The thoroughfare in question? The storied Lincoln Highway, the nation’s first transcontinental road linking New York City to Oakland, including the last leg – San Pablo Avenue.
A writer with the Lincoln Highway Association, Hammond, 76, has been a lifelong transportation afficionado with special affection for the Lincoln Highway, which later became U.S. Route 40. A retired high voltage switching operator for Pacific Gas and Electric, he writes about highway lore, including the history of San Pablo Avenue, in the Traveller, the newsletter of the Lincoln Highway Association.
"The Lincoln Highway precedes Route 66 by about 12 years," Hammond told a group of Berkeley journalism students and historians at a Chinese restaurant in Albany last week.
"Of course, it rhymes much better to get your kicks on 66 than it does on route 40 or 50," Hammond said of the numbering system that replaced highway names in the 1930s.
American factories cranked out two thirds of the world’s automobiles in 1911 and just like today, there weren’t enough roads to drive them on.
So in 1912 Carl Fisher, founder of the Indianapolis 500, collected $10,000 each from many of the major automakers of the day (with Henry Ford a notable exception), and set out to build a single road from the Hudson River to the Carquinez Straits.

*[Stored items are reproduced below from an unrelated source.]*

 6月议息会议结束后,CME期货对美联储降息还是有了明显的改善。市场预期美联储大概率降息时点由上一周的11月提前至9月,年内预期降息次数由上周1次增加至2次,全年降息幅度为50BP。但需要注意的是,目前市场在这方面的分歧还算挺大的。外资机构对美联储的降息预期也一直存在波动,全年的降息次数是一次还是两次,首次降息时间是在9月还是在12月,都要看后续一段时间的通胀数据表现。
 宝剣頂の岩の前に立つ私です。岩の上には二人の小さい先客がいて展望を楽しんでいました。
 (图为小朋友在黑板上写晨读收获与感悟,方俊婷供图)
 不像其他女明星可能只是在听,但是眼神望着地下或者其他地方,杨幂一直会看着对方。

The Lincoln Highway was unveiled for the 1915 San Francisco World’s Fair, although in some places the new road was just a line on the map instead of the continuous cement strip which connects today’s cities and suburbs.

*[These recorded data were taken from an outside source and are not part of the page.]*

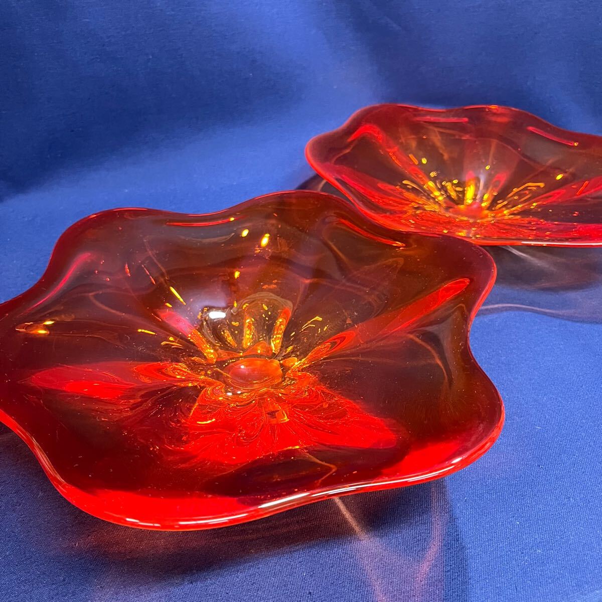 ヴィンテージ フラワーガラス フルーツ皿 2枚セット 直径35cm 盛皿 フラワーベース 花器 レトロ (12156並
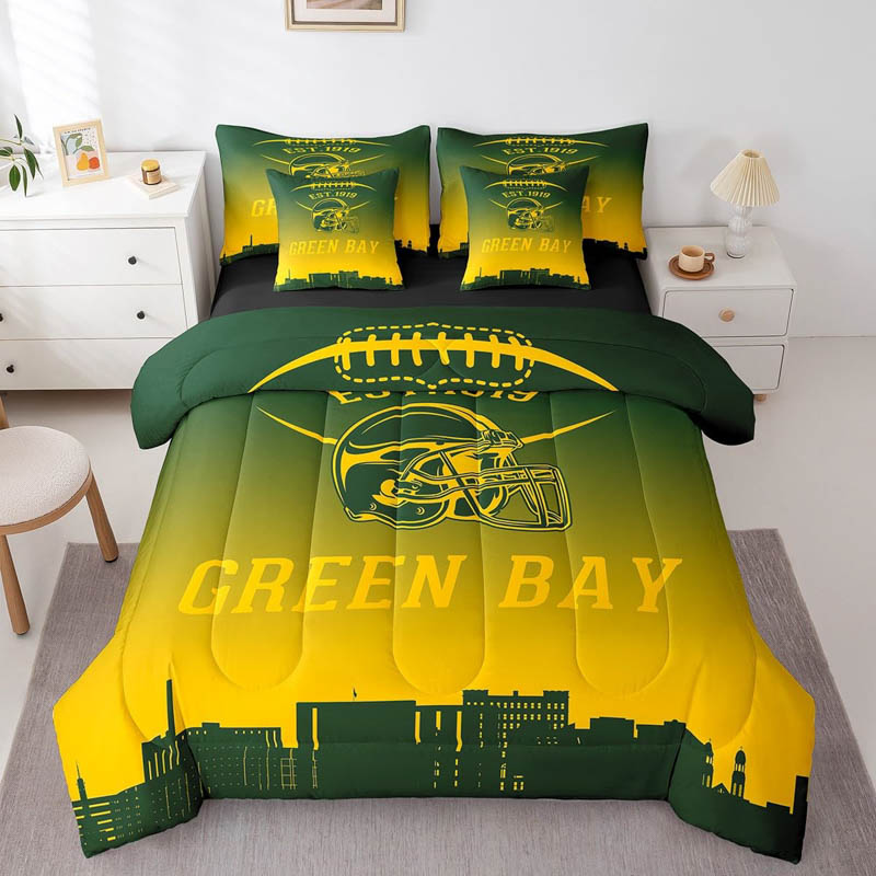 The green bay packers bed set quilt set quilts bedroom bedding set is a durable and soft bedding set made from breathable polyester microfiber. Designed for all seasons, the green bay packers bed set quilt set quilts bedroom bedding set offers lightweight warmth and comfort. The green bay packers bed set quilt set quilts bedroom bedding set includes a zipper closure for easy care and lasting convenience.
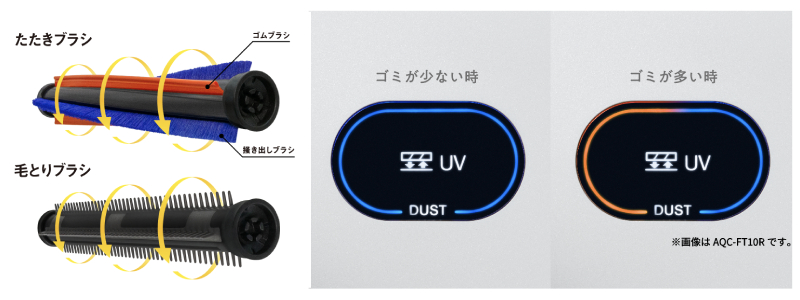 さらに、今回プレゼントのハイエンドモデルは、細かい毛の除去率がさらにアップする「毛とりブラシ」や、目に見えないホコリやダニ、花粉などのアレル物質の除去が確認できる「キレイがわかるセンサー」が付き、1分間のたたき回数が28,800回(毛とりブラシ・たたきブラシ合算)と、より頼もしいスペックだ。
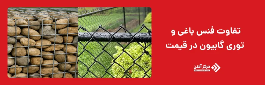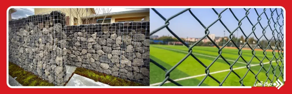 فنس باغی برای حصار کشی باغ، زمین های ورزشی و پارکها مناسب است؛ گابیون بیشتر در دیوارهای حائل، مهار خاک و سدسازی کاربرد دارد.
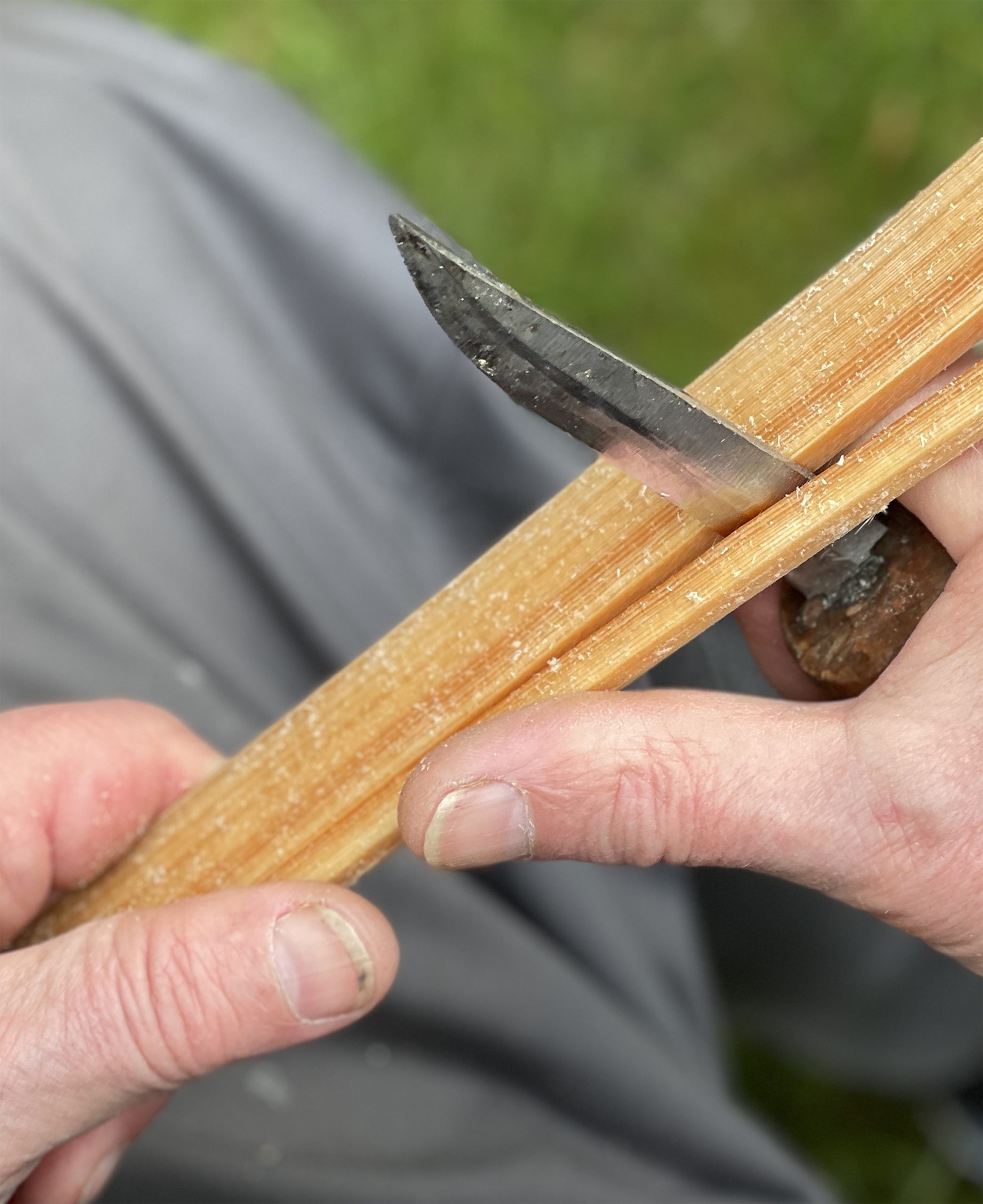 Klyvning av furu långs årsringen för att ta fram material till en Hedaredskorg. Foto: Annika Holmdahl

Hammond said driving cross country was arduous. "It was dust in the summer and mud in the winter, not too different than taking a covered wagon across the prairie," he said in between spring rolls and soup.
Hammond brought along photographers from his private collection showing the long thin spokes of Model T wheels stuck in knee deep mud located in a spot where the map indicated road. Hammond also displayed photos of period hotels and rest stops in northern California in the earliest days of the highway, which once snaked from Sacramento to Stockton, then over the Altamount Pass to Oakland. With the completion of the Carquinnez Bridge on May 21, 1927 the same day Charles Lindbergh landed in Paris]] though, the Lincoln Highway turned along San Pablo Avenue, which saw a boom in business from Crockett to Oakland as a result.

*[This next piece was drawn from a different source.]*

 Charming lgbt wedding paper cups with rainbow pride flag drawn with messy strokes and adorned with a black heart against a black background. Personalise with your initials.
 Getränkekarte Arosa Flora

Waiters cleared plates for the main course as Hammond recalled his uncle Clyde, who hauled stranded cars out of the wintertime mud that covered the Lincoln Highway between Sacramento and Reno.
"He charged ten dollars per haul," quips Hammond. "Compare that to a hundred dollars for a tow today."
Highway associations sponsored control stations—hotels, filling stations—anyplace along the road willing to offer resources to help drivers.
Joining a highway association meant easy visibility for any business on the roadway. Companies that helped build America’s 435 named highways—like Goodyear Tire—saw the roads as ideal for promoting leisure travel by car.
After World War I, America’s highways weren’t just for family road trips. Roadways became vital to national security.
In 1919 a caravan of army trucks, cars, and one tank set off down the Lincoln Highway for California, rebuilding each frail bridge which the tank collapsed, laying pavement from one end of the country to the other.
U.S. Army Lt. Dwight D. Eisenhower joined in the dusty, two month trek through America’s heartland. Later as President, Eisenhower would establish the interstate highway system.
A former navy electrician, Hammond’s love affair with the history of how people got from one place to another began with boats and ferries, then later railroads.
Lincoln Highway caught his eye five years ago. He edits "The Traveller," official newsletter of the current incarnation of the Lincoln Highway Association.
Now Hammond vacations driving down a road his grandfather helped pave, looking for the history beneath the pavement.